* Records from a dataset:
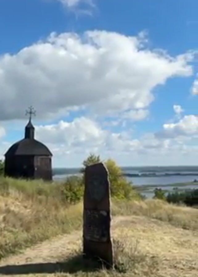 landscape view from a hilltop. In the foreground is a small, wooden chapel with a cross on top, and a stone monument with inscriptions. The midground consists of a grassy slope and some scattered trees. In the background, a wide river or lake stretches out to the horizon, with green islands and trees dotting the water. The sky is blue with scattered white clouds. The camera pans slightly to the right, revealing more of the river and surrounding landscape. The overall impression is one of a peaceful, rural setting.
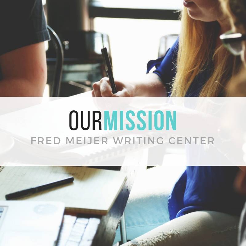 The Fred Meijer Center for Writing and Michigan Authors considers power to be an instrumental feature in one’s belief of their own capacity to approach, complete, and succeed in any writing project; therefore, the center values our role in the empowerment of emerging, practiced, or expert writers. Through our pedagogically sound consulting techniques, consultants provide writers with the time and space to celebrate success, identify concerns, develop helpful strategies, and grow a personalized voice and style so as to continue the writing process beyond the walls of the Writing Center. We make it our mission to be a supportive place and service for writers, who want or need to acknowledge and grow their own agency over any writing project or future writing goal.
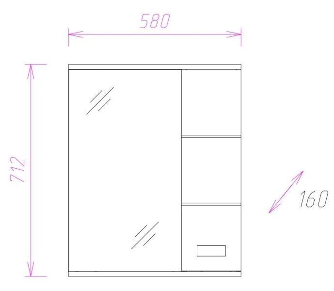 Слева от зеркала за распашной дверцей с механизмом плавного закрывания расположено отделение для хранения, разделенное на две части горизонтальной полочкой, под зеркалом - открытая полочка для косметических средств или декоративных элементов.
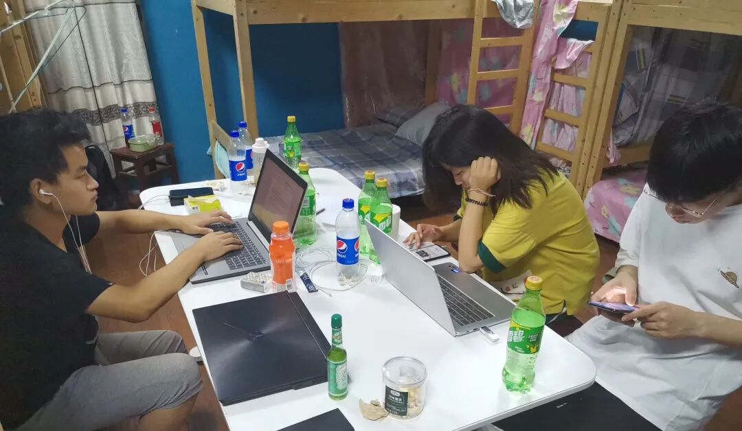 图为团队成正在整理当天的调查资料
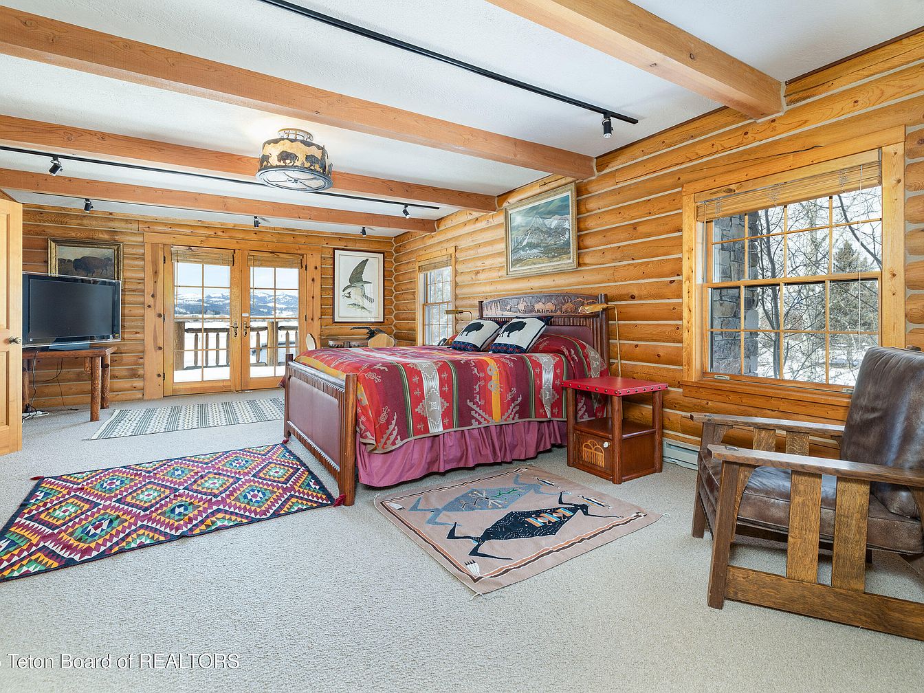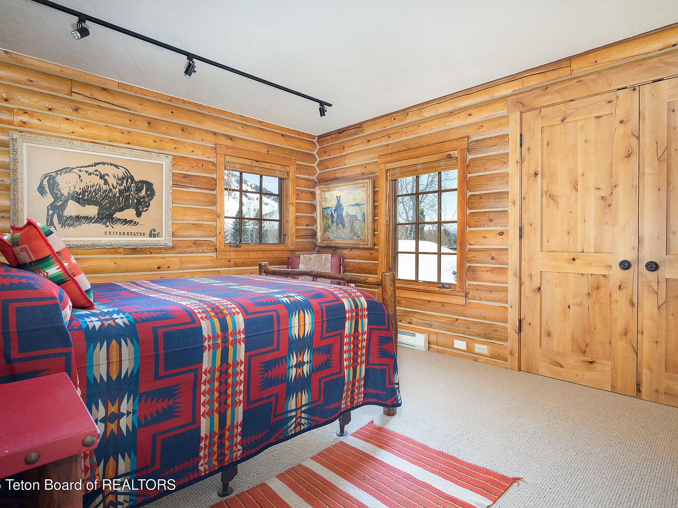 This inviting bedroom showcases charming log cabin aesthetics, with warm wooden walls that exude rustic elegance. A vibrant, patterned blanket drapes over the bed, complemented by throw pillows that add a pop of color. Thick beams above and a thoughtfully positioned track light enhance the room’s cozy atmosphere, while large windows invite natural light and showcase picturesque views. Family-friendly features include ample storage with wooden cabinets, and durable carpeting allows for comfort during playtime. The décor unifies traditional elements with modern functionality, creating a serene retreat perfect for relaxation and family gatherings.
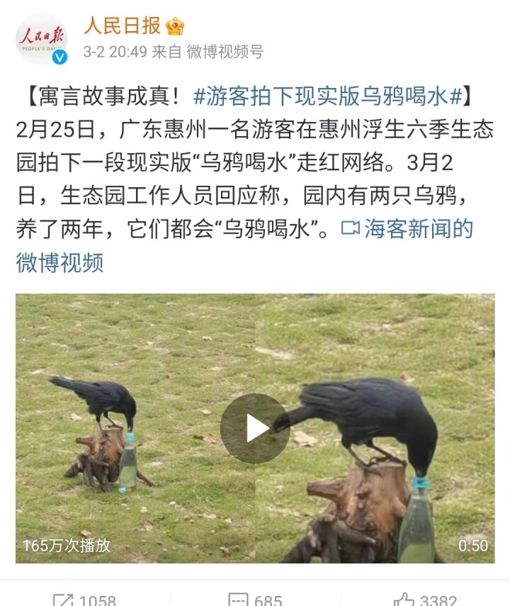 近日,一段拍攝于惠州羅浮山下浮生六季生態(tài)園的烏鴉喝水抖音視頻走紅網(wǎng)絡(luò)。視頻中,烏鴉不斷叼起草地上的石子,扔進(jìn)玻璃水瓶中,待水升起后,烏鴉喝到了水。網(wǎng)友驚呼,“原來(lái)小學(xué)課文《烏鴉喝水》還真有現(xiàn)實(shí)版”。該視頻引來(lái)人民日?qǐng)?bào)等眾多媒體爭(zhēng)相轉(zhuǎn)發(fā)報(bào)道,連日來(lái)占據(jù)熱搜位置。
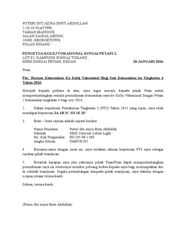 Contoh Surat Rayuan Kolej Vokasional
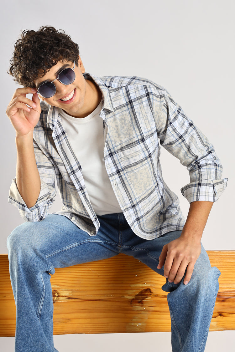 Add a touch of rugged charm to your casual wardrobe with this beige and blue checked shirt, crafted from 100% cotton for a breathable, soft feel. The slim-fit cut offers a sharp silhouette, while the classic check pattern brings timeless appeal.
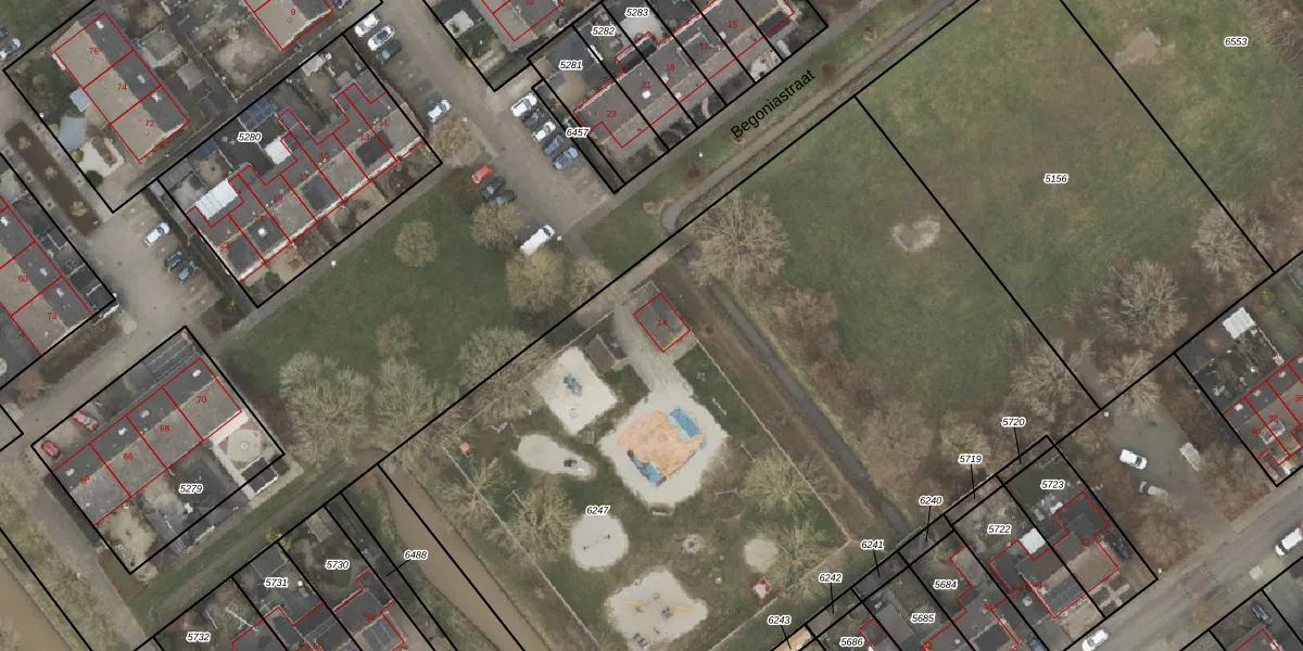 Het perceel waarop Irisstraat 14 staat heeft een oppervlakte van 5480 m². Dit is een zeer groot perceel. De perceeloppervlakte wordt geregistreerd door het Kadaster. Gedetailleerde informatie over de maten van dit perceel kunt u vinden in het rapport Kadastrale kaart met maatvoering van Irisstraat 14.

* What you will do:
From the entries above, output every line exactly and omit any image.

* Exercise result:
 landscape view from a hilltop. In the foreground is a small, wooden chapel with a cross on top, and a stone monument with inscriptions. The midground consists of a grassy slope and some scattered trees. In the background, a wide river or lake stretches out to the horizon, with green islands and trees dotting the water. The sky is blue with scattered white clouds. The camera pans slightly to the right, revealing more of the river and surrounding landscape. The overall impression is one of a peaceful, rural setting.
 The Fred Meijer Center for Writing and Michigan Authors considers power to be an instrumental feature in one’s belief of their own capacity to approach, complete, and succeed in any writing project; therefore, the center values our role in the empowerment of emerging, practiced, or expert writers. Through our pedagogically sound consulting techniques, consultants provide writers with the time and space to celebrate success, identify concerns, develop helpful strategies, and grow a personalized voice and style so as to continue the writing process beyond the walls of the Writing Center. We make it our mission to be a supportive place and service for writers, who want or need to acknowledge and grow their own agency over any writing project or future writing goal.
 Слева от зеркала за распашной дверцей с механизмом плавного закрывания расположено отделение для хранения, разделенное на две части горизонтальной полочкой, под зеркалом - открытая полочка для косметических средств или декоративных элементов.
 图为团队成正在整理当天的调查资料
 This inviting bedroom showcases charming log cabin aesthetics, with warm wooden walls that exude rustic elegance. A vibrant, patterned blanket drapes over the bed, complemented by throw pillows that add a pop of color. Thick beams above and a thoughtfully positioned track light enhance the room’s cozy atmosphere, while large windows invite natural light and showcase picturesque views. Family-friendly features include ample storage with wooden cabinets, and durable carpeting allows for comfort during playtime. The décor unifies traditional elements with modern functionality, creating a serene retreat perfect for relaxation and family gatherings.
 近日,一段拍攝于惠州羅浮山下浮生六季生態(tài)園的烏鴉喝水抖音視頻走紅網(wǎng)絡(luò)。視頻中,烏鴉不斷叼起草地上的石子,扔進(jìn)玻璃水瓶中,待水升起后,烏鴉喝到了水。網(wǎng)友驚呼,“原來(lái)小學(xué)課文《烏鴉喝水》還真有現(xiàn)實(shí)版”。該視頻引來(lái)人民日?qǐng)?bào)等眾多媒體爭(zhēng)相轉(zhuǎn)發(fā)報(bào)道,連日來(lái)占據(jù)熱搜位置。
 Contoh Surat Rayuan Kolej Vokasional
 Add a touch of rugged charm to your casual wardrobe with this beige and blue checked shirt, crafted from 100% cotton for a breathable, soft feel. The slim-fit cut offers a sharp silhouette, while the classic check pattern brings timeless appeal.
 Het perceel waarop Irisstraat 14 staat heeft een oppervlakte van 5480 m². Dit is een zeer groot perceel. De perceeloppervlakte wordt geregistreerd door het Kadaster. Gedetailleerde informatie over de maten van dit perceel kunt u vinden in het rapport Kadastrale kaart met maatvoering van Irisstraat 14.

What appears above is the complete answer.